Kolejny inscenizacyjny pomysł, który mi się spodobał, to zapowiedziane przez reżysera wspomożenie „groteskowości sytuacji, ruchu i wypowiadania tekstu” przez „wykonaną do tego przedstawienia scenografię”, a właściwie przez jej główny i w wielu momentach jedyny element: ogromną jaskrawożółtą kanapę. Aby się na nią wspiąć, trzeba dość wysoko podskoczyć, a nie wszystkim się to udaje. Wykorzystuje to Pan Geldhab w celu iście darwinowskiej selekcji swych współpracowników – kto nie wskoczy, ten spada w hierarchii albo wręcz idzie precz – jest usuwany z biznesowej machiny jako człek niesprawny, niepasujący do „wysokokanapowego” otoczenia.

Z kolei na górze, za oparciem kanapy, ładne parę metrów nad deskami sceny umiejscowione są te fragmenty spektaklu (na ogół krótkie scenki, wręcz teatralne przebitki-migawki), które mają ironicznie komentować „dolnokanapową” rzeczywistość głównego nurtu akcji oraz dopowiadać widzowi to, co powinien wiedzieć o kulisach przedstawianych mu wydarzeń. Wiedza o tych kulisach (na ogół dość żenujących) jest litościwie oszczędzona znajdującym się na podłodze lub na siedzeniu kanapy głównym protagonistom.
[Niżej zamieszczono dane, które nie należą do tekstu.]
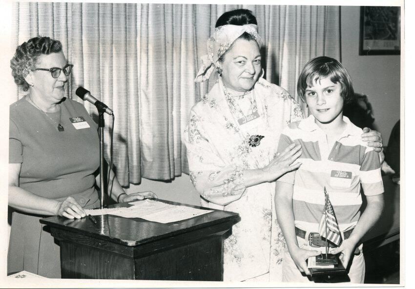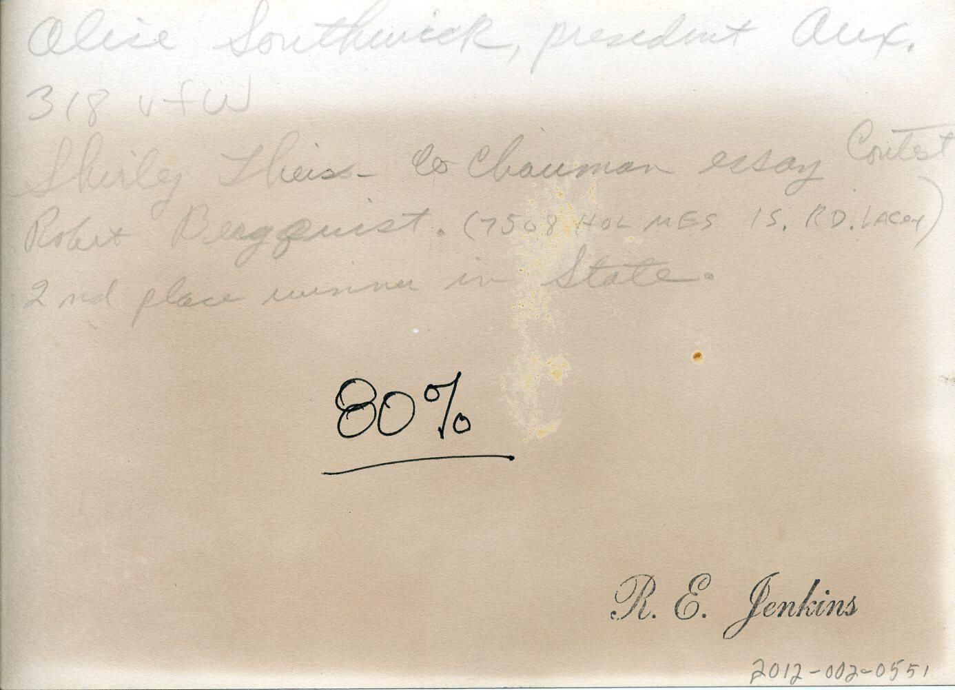 Black and white photo of three individuals. On the left is a woman with short dark hair and glasses. She is wearing a light colored dress with a pendant on a necklace and a name tag. She is standing in front of a podium with a microphone and has a paper on the table of the podium. In the center is a woman with dark hair and a bandanna. She has on a patterned dress with a pendant. She has her hands on the shoulders of the boy on the right who has long dark hair and is wearing a striped shirt above white trousers with a black belt. He is holding a plaque, a paper, and a U.S. flag on a stand. In the background are curtains and part of a wall with a picture. There is a white border on all sides. On the back in pencil is "Alice Southwick, president Aux.318 vfw Shirley Theis - Co Chairman essay Contest Robert Bergquist. (7508 Holmes Is. Rd. Lacey) 2nd place winner in State". In ink is "80%" and a stamp in black ink says "R. E. Jenkins".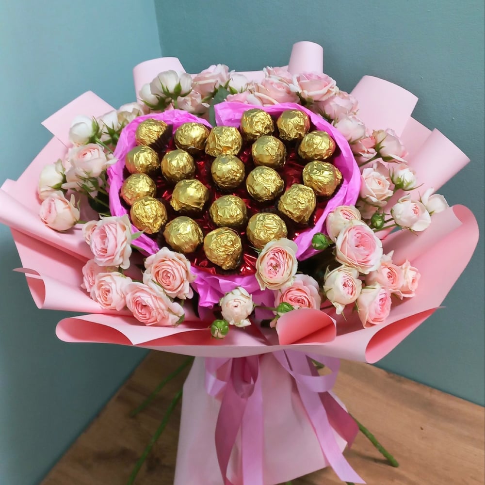 букет из кустовых роз с конфетами в форме сердца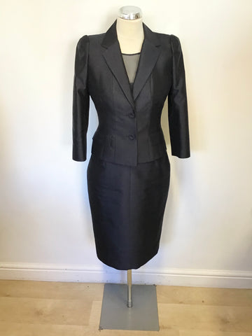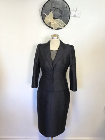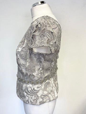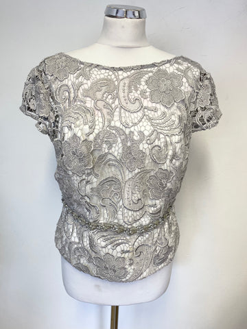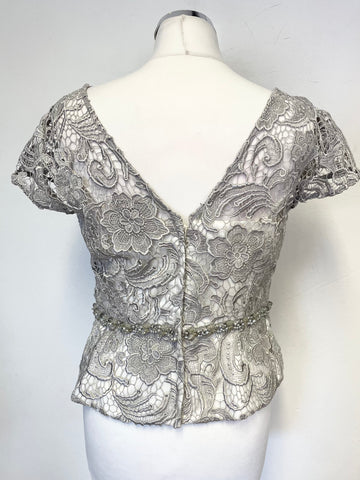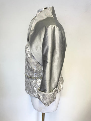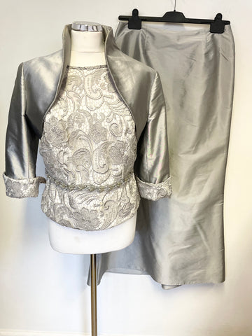 JOHN CHARLES SILVER GREY BOLERO JACKET,LONG SKIRT & LACE CAP SLEEVE TOP SUIT SIZE 14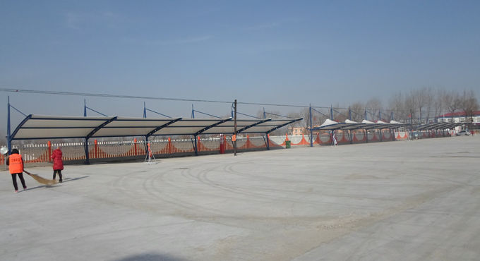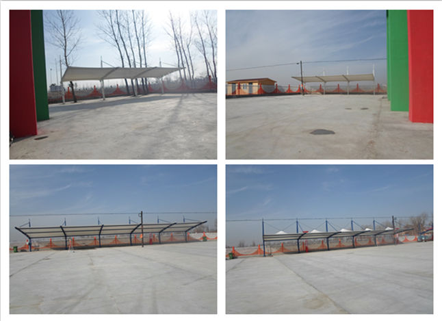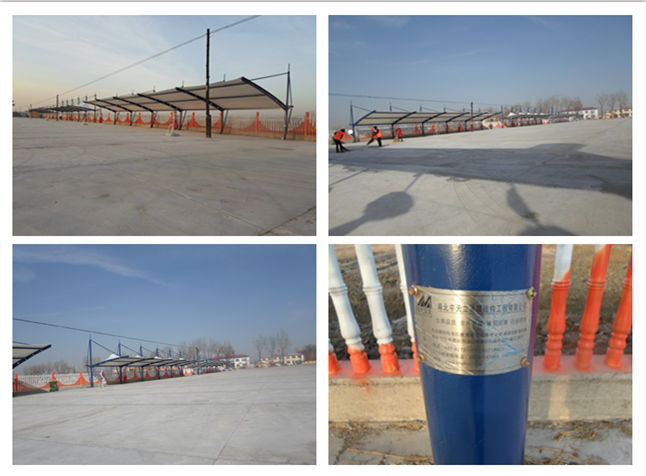辽宁盘锦七彩庄园吊塔式异形钢膜结构车棚,本项目采用前软边后硬边张拉形式;结构由立柱、拉杆、挑梁、横杆构成,其挑梁和中间横杆一般采用异形钢挑梁形式,美观而不积水且抗负荷能力强;膜材采用ZZF白色建筑膜材,15年质保,整体结构美观实用,经济牢固,臻至完美。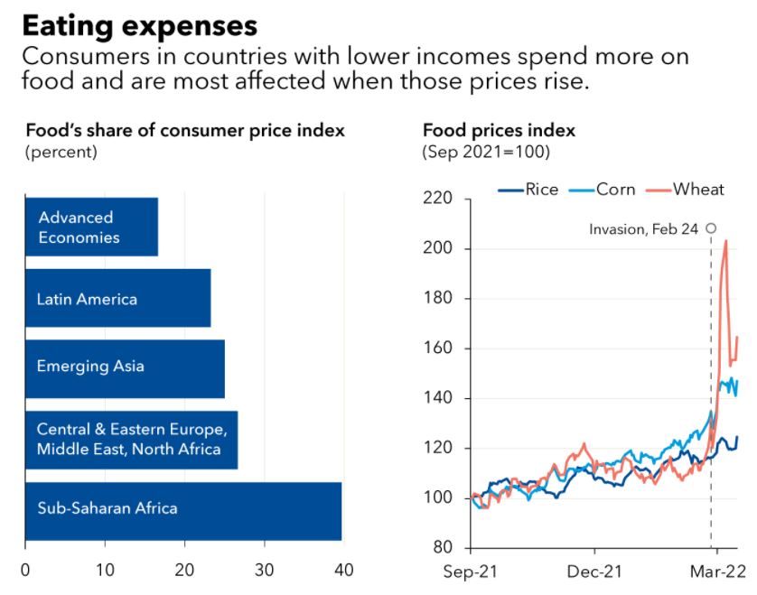 国际货币基金组织(IMF)周四也发出类似警告。IMF指出,随着俄乌战争推高全球食品价格,食品开支在消费支出中占比高的家庭承受的冲击将更大。在发达经济体中,食品支出在消费支出中的占比约为17%,在撒哈拉以南非洲则占到40%。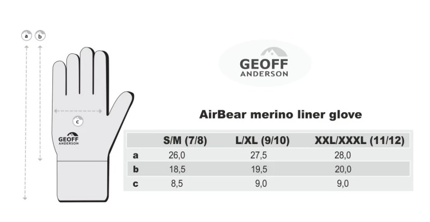 Prvotriedne rukavice dánskej značky Geoff Anderson, ktoré sú vyrobené z unikátnych vlákien Merino. Jedná sa o extra teplý a schnúci materiál zo špeciálneho druhu vlny oviec. Rukavice AirBear Merino sú ľahké, priedušné a výborne sa nosia. Prsty rukavíc majú jedinečnú úpravu, vďaka ktorej na dotyk reagujú aj mobilné telefóny a tablety. Dlaňová časť má protišmykové prvky, vďaka ktorým každý uchopený predmet pevne drží v ruke.
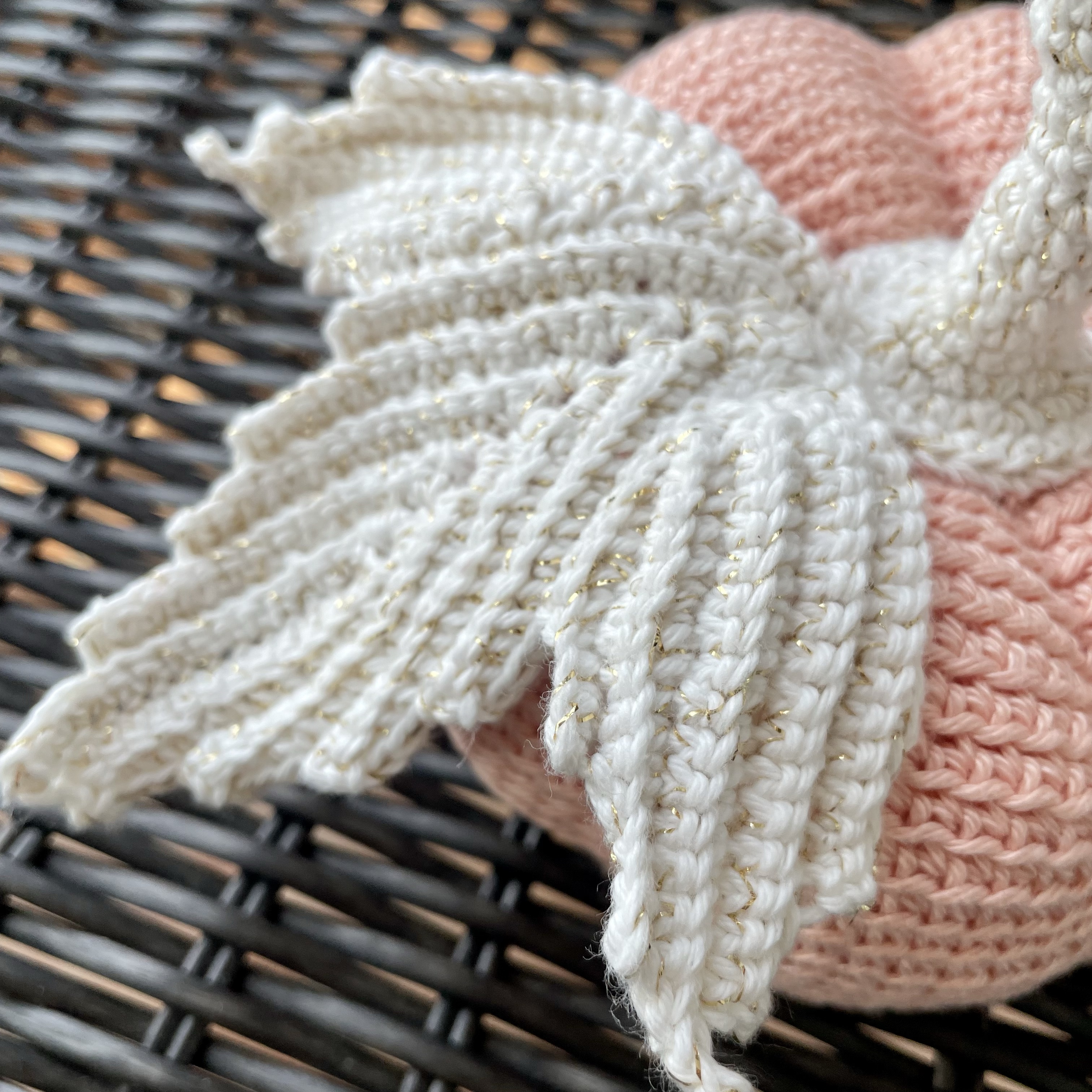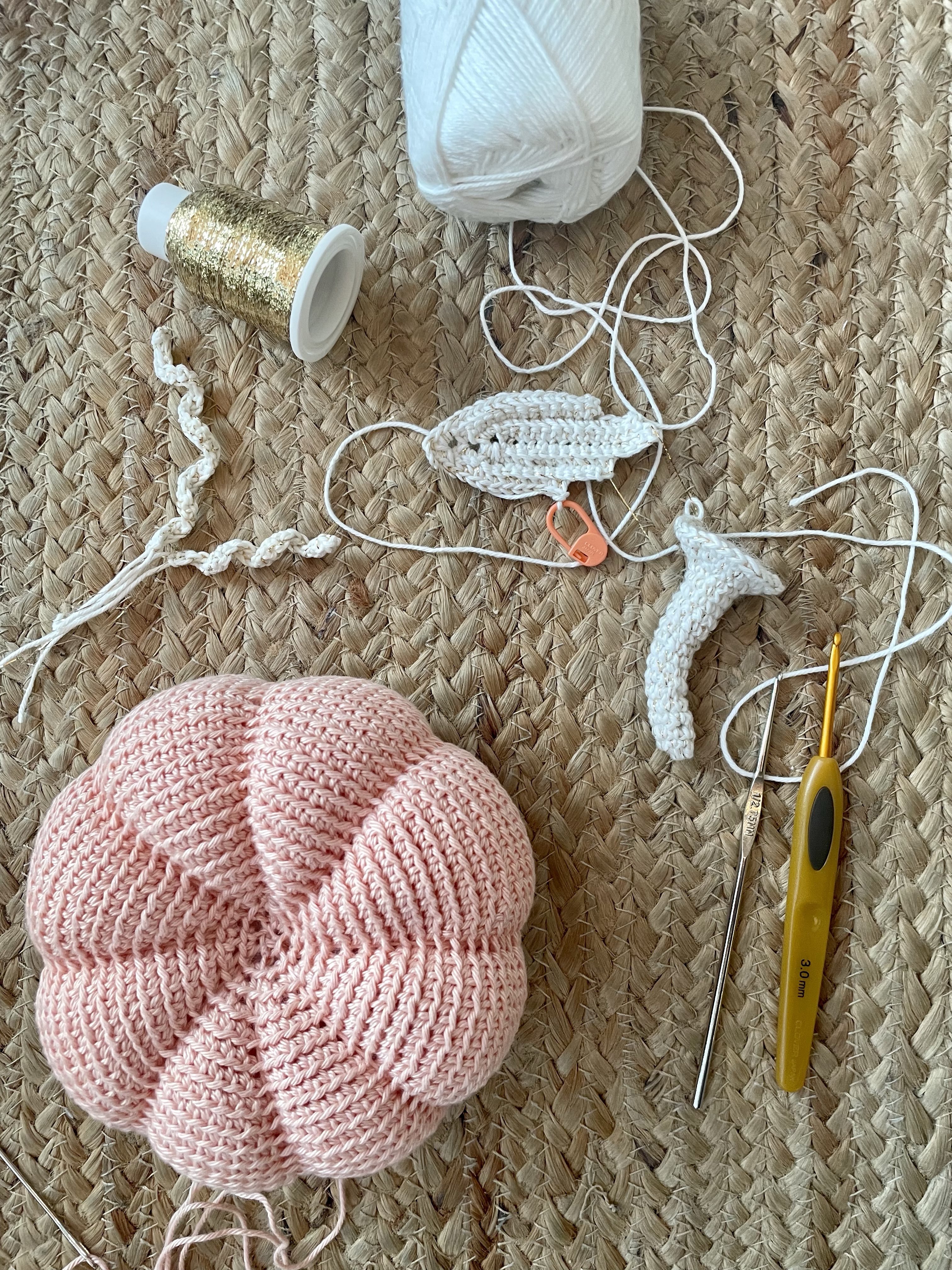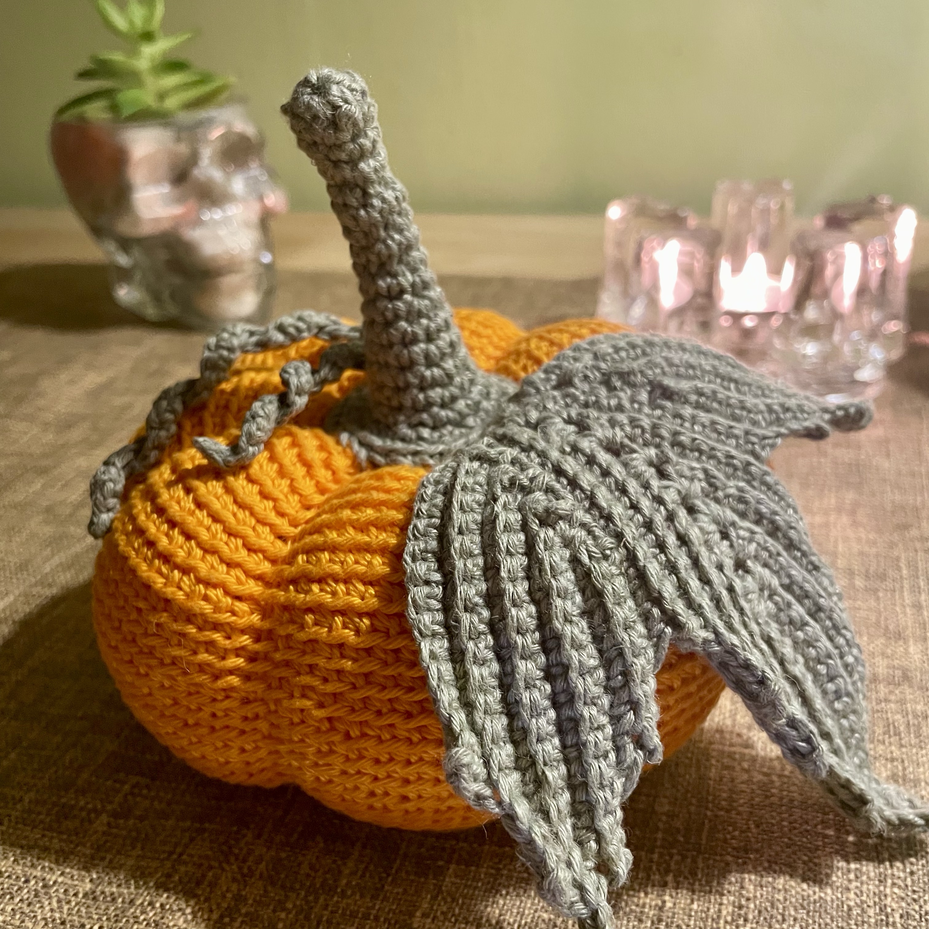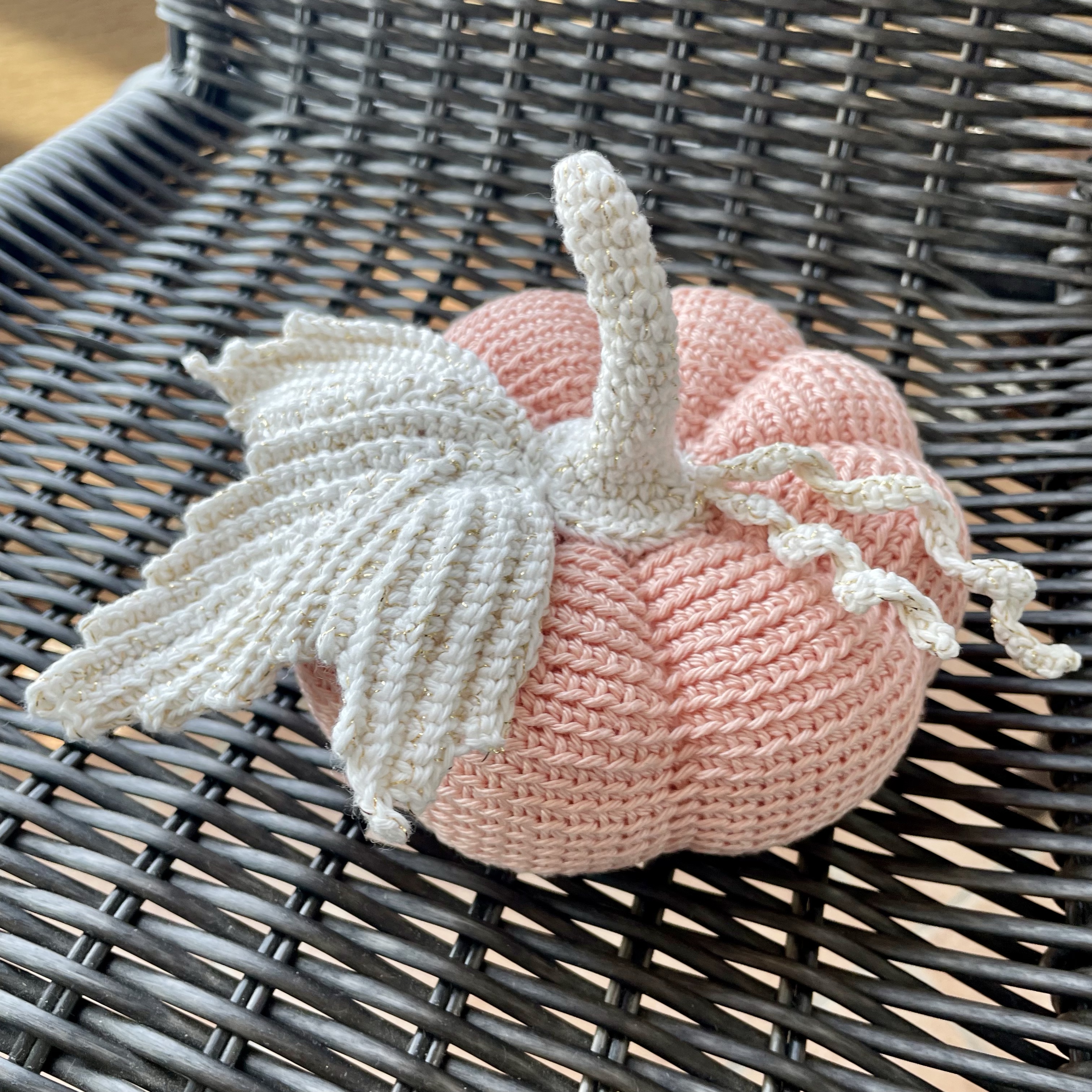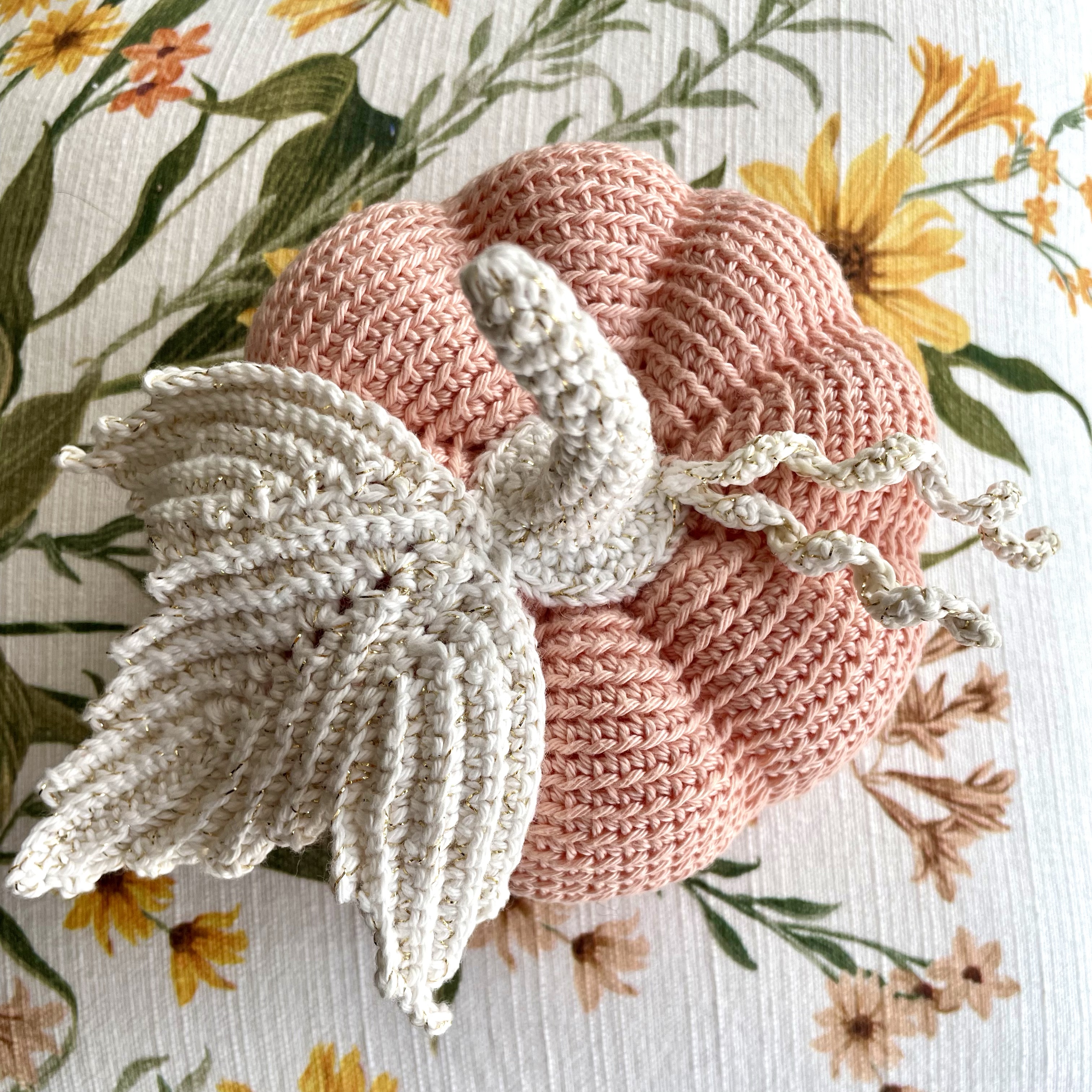 The white leaves are made with two threads held together: a white cotton Korean brand of fingering yarn, and a tiny gold-toned polyester filament that together make the leaf, stem, and tendrils shimmer. The green leaf and stem are made with fingering-weight Korean linen/viscose yarn, which imparts a more rustic, traditional look. I used a 3.00mm hook for the pumpkin, and a 2.5mm hook for the leaves and stem.

Typowy przykład: gdy Pan Geldhab po raz pierwszy, pełen ojcowskiej miłości i dumy, z emfazą wspomina swą córkę Florę (Marta Uszko), ta pokazuje się nad oparciem kanapy, będąc w trakcie niedwuznacznie erotycznego rozdokazywania (szczegółów oszczędzę gronu Młodych P.T. Czytelników).

Owo rozdokazywanie, choć ostre i dosłowne, jeszcze się jakoś tam broni, będąc czytelnym (by nie powiedzieć: brutalnym) elementem realizacji inscenizacyjnej strategii Cichockiego, polegającej na (przypomnijmy) „groteskowym »wyostrzeniu« postaci i sytuacji”, które to „wyostrzenie” ma być „pewnego rodzaju zabawą teatralną”. Opisana tu sytuacja jest poza tym niewątpliwie „dużym wyzwaniem” dla aktorów, wymagając od nich ponad wszelką wątpliwość „bardzo intensywnej gry ciałem”.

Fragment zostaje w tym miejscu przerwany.